Der Rentner hat den festen Willen, seinen Alltag nicht von der Armut prägen zu lassen, sondern selbst der Gestalter seines Lebens zu sein. Nur, wenn man gezielt nachfragt, erzählt er davon, dass er sich niemals einen Urlaub leisten kann, ebenso wenig wie ein Auto, und dass die Wohnung dringend renoviert werden müsste. „Man muss sich eben einschränken“, sagt er eisern. Jammern liegt ihm nicht. „Ich bin eben ein sparsamer Mensch.“
Lieber spricht er über die Ehrenämter, die sein Leben reich machen: Für eine evangelische Einrichtung besucht er Senioren, die einsam sind. Und für den Kommunalen Seniorenservice leitet er seit Jahren mehrmals in der Woche Gesprächskreise für ältere Menschen. Wenn Corona es zulässt. „Zeitweise bin ich im Homeoffice“, sagt er und lächelt schelmisch, „dann telefoniere ich mit den Leuten eben.“
Er engagiert sich für andere Senioren
Man glaubt sofort, dass der eloquente Mann mit dem soliden Allgemeinwissen eine Gesprächsrunde gekonnt moderieren kann. Er ist ein guter Unterhalter. „Wir sprechen dann über das alltägliche Leben, über Kultur oder Politik“, sagt er. Dafür bekommt er eine kleine Aufwandsentschädigung, wie ehrenamtliche Sporttrainer auch. „Herr Reimann ist ungemein engagiert und zuverlässig“, sagt eine Sozialarbeiterin, die ihn seit Jahren kennt.

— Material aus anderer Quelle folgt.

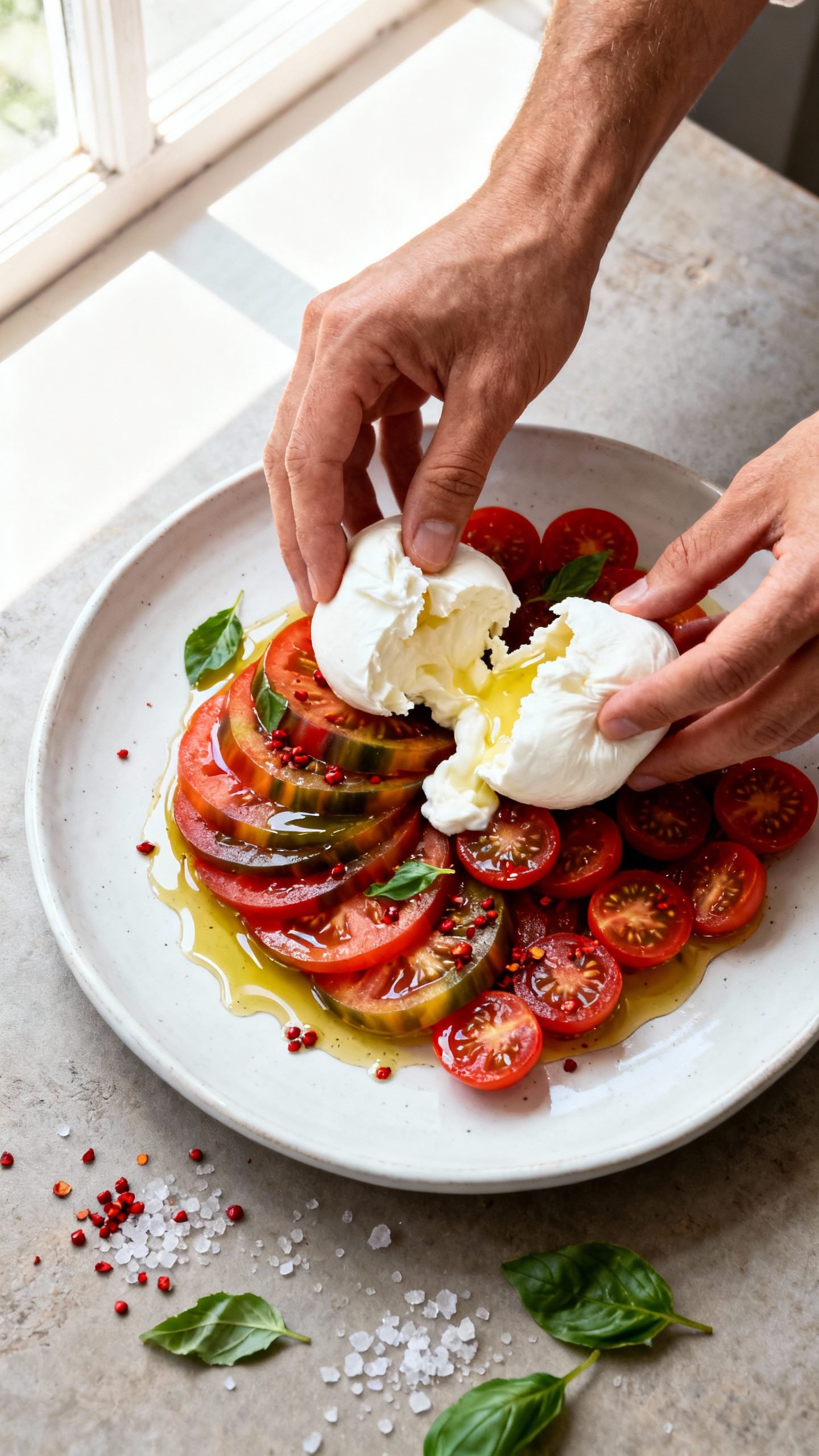 - Texture contrast: Juicy tomatoes, creamy burrata, and crunchy flaky salt create the best bite.

Daneben kümmert er sich liebevoll um seine Lebensgefährtin, die an Demenz erkrankt ist und in einem Pflegeheim lebt. Während des letzten langen Lockdowns habe sie sehr abgebaut, berichtet er: „Ihre Sprache, die Orientierung sind verloren gegangen. Sie erkennt mich inzwischen nicht mehr“, sagt er, „aber wenn kein Besuchsverbot herrscht, ich bin jeden Tag bei ihr.“
Dann kommt er wieder auf das zu sprechen, was ihn umtreibt. Vor drei Monaten, er war auf dem Weg zu einer seiner Seniorengruppen, wurde er Opfer eines dreisten Diebstahls. An dem Tag trug er seinen Rucksack mit einem Riemen lässig über der rechten Schulter. „Es muss passiert sein, als ich aus dem Bus stieg“, vermutet er. „Auf der Straße bemerkte ich, dass der Rucksack weg war – wahrscheinlich abgeschnitten.“ Er kontaktierte das Verkehrsunternehmen, ging zur Polizei – ohne Ergebnis.
Hörgeräte und Zahnersatz gestohlen
Bargeld, Handy und Hörgeräte waren ebenso verschwunden wie sein Zahnersatz: „Der drückte etwas, darum nahm ich ihn nur zum Sprechen und zum Essen rein“, sagt er. Erst Tage später wurden ein paar Dokumente aus dem Rucksack im Bürgerbüro einer Kommune abgegeben, die auf dem Weg der Buslinie liegt.
Ohne seine künstlichen Zähne spricht er etwas undeutlich. „Nur gut, dass ich gerne Suppen esse“, scherzt er mit bitterem Galgenhumor. Man spürt, wie ihn dieser Verlust getroffen hat. „Ich war danach total konfus – das war sehr, sehr schlimm für mich“, sagt er ernst.
Fragt man ihn, was er sich wünscht, fällt ihm nicht als erstes die dringend nötige Renovierung der Wohnung ein. „Ich bräuchte wieder ein vernünftiges Handy“, sagt er, „auch für meine Seniorengespräche.“ Derzeit benutzt er ein altes Mobiltelefon, das er noch in einer Schublade hatte. „Aber das geht dauernd von alleine aus“, sagt er. Eberhard Reimann denkt nicht zuerst an sich selbst, sondern an seinen Einsatz für andere. Vielleicht ist es das, was ihn so beweglich gehalten hat. Und was ihn den Diebstahl jetzt als doppelt ungerecht empfinden lässt.